This study has been completed.
Information provided by:
Dr. Reddy's Laboratories Limited Identifier:
First received: May 26, 2010
Last updated: June 11, 2010
Last verified: June 2010
The purpose of this study is to assess the bioavailability of Divalproex Sodium DR Tablets 500 mg versus Depakote DR 500 mg tablets with a washout period of 10 days in healthy subjects.

Condition Intervention Phase
Drug: Divalproex Sodium
Phase 1

Study Type: Interventional
Study Design: Allocation: Randomized
Intervention Model: Crossover Assignment
Masking: Open Label
Primary Purpose: Treatment
Official Title: An Open Label, Balanced, Randomized, 2-treatment, 2-period, 2-sequence, Single Dose, Crossover, Bioequivalence Study of Divalproex Sodium DR 500 mg Tablets and Depakote® DR 500 mg Under Fasting Conditions.

Resource links provided by NLM:

Further study details as provided by Dr.
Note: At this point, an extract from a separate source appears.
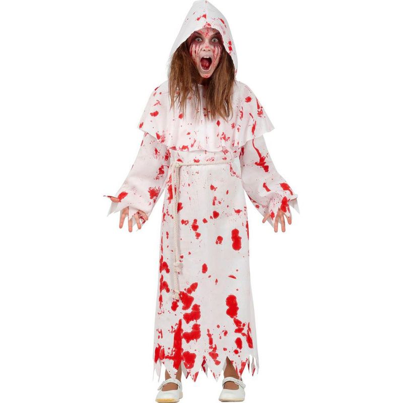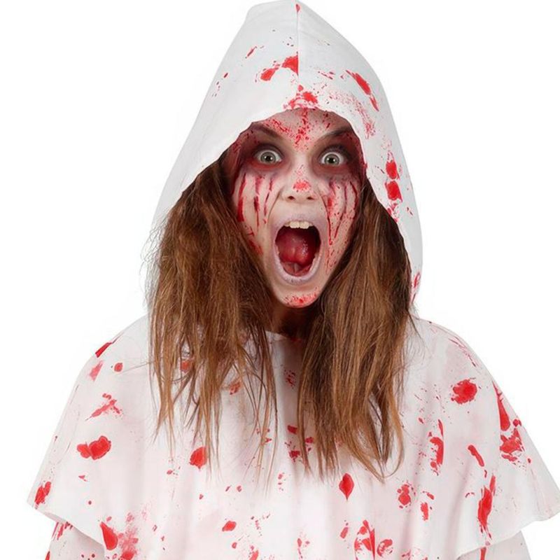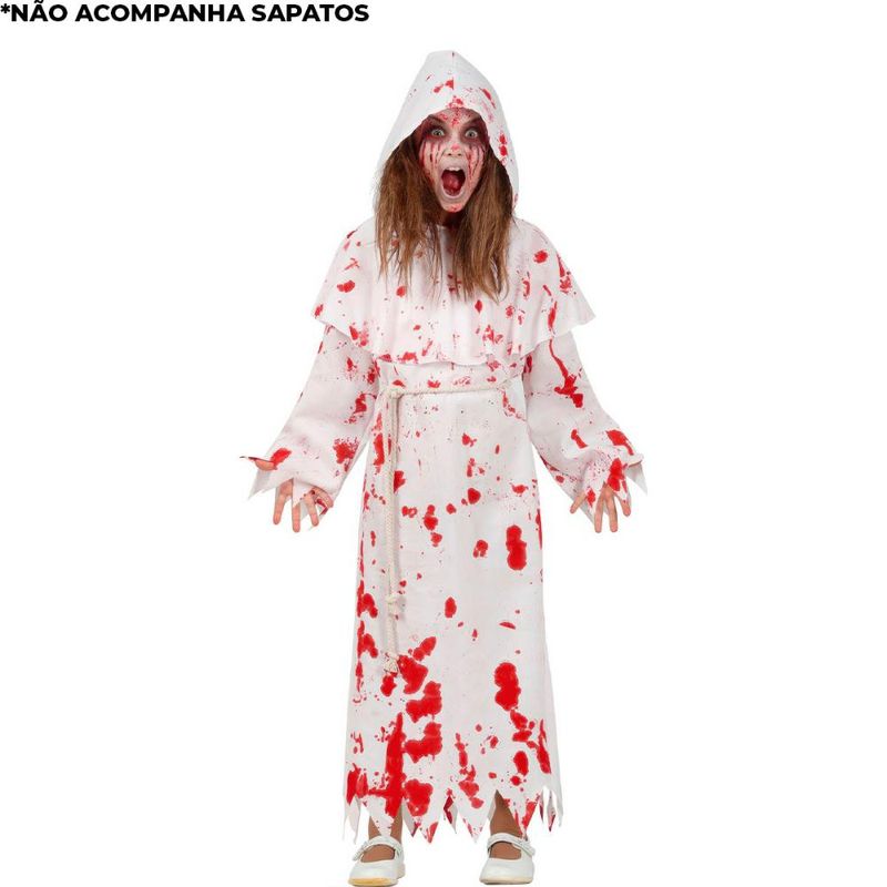 Prepare a sua pequena para o Halloween com esta Fantasia de Freira ou Monge Sangrento Infantil! O conjunto é completo e ideal para festas, eventos de terror e brincadeiras. A fantasia inclui uma túnica branca com capuz e gola fixos, com estampa de sangue falso com efeito realista, criando um visual aterrorizante e autêntico. O fechamento prático em velcro facilita na hora de vestir e tirar a roupa, garantindo que a criança possa se divertir com liberdade. Acompanha também um cinto de corda com 150 centímetros de comprimento, que complementa o visual e pode ser ajustado para um caimento perfeito. Uma fantasia que combina conforto e um visual assustador para uma celebração inesquecível! Túnica com capuz e gola fixos Estampa de sangue com efeito realista Cinto de corda com 150cm de comprimento Fechamento prático em velcro Ideal para Halloween, festas e carnaval OBS: Não acompanha sapatos.

Reddy's Laboratories Limited:

Primary Outcome Measures:
  • Bioequivalence based on Cmax and AUC parameters [ Time Frame: 4 months ]

Enrollment: 34
Study Start Date: August 2006
Study Completion Date: November 2006
Primary Completion Date: September 2006 (Final data collection date for primary outcome measure)
Arms Assigned Interventions
Experimental: Divalproex Sodium DR Tablets 500 mg
Divalproex Sodium DR Tablets 500 mg of Dr. Reddy's Laboratories Limited
Drug: Divalproex Sodium
Divalproex Sodium DR Tablets 500 mg
Other Name: Depakote DR 500 mg Tablets
Active Comparator: Depakote DR 500 mg Tablets
Depakote DR 500 mg Tablets of Abbott Laboratories PR Ltd.,
Drug: Divalproex Sodium
Divalproex Sodium DR Tablets 500 mg
Other Name: Depakote DR 500 mg Tablets

Detailed Description:
An open label, balanced, randomized, two-treatment, two-period, two-sequence, single dose, crossover, bioequivalence study of Divalproex sodium DR 500 mg tablets of Dr.Reddy's Laboratories Limited, Generics, India comparing with that of Depakote® DR (containing Divalproex sodium) 500 mg tablets of Abbott Laboratories PR Ltd., Barceloneta, PR, in healthy, adult, human subjects under fasting conditions.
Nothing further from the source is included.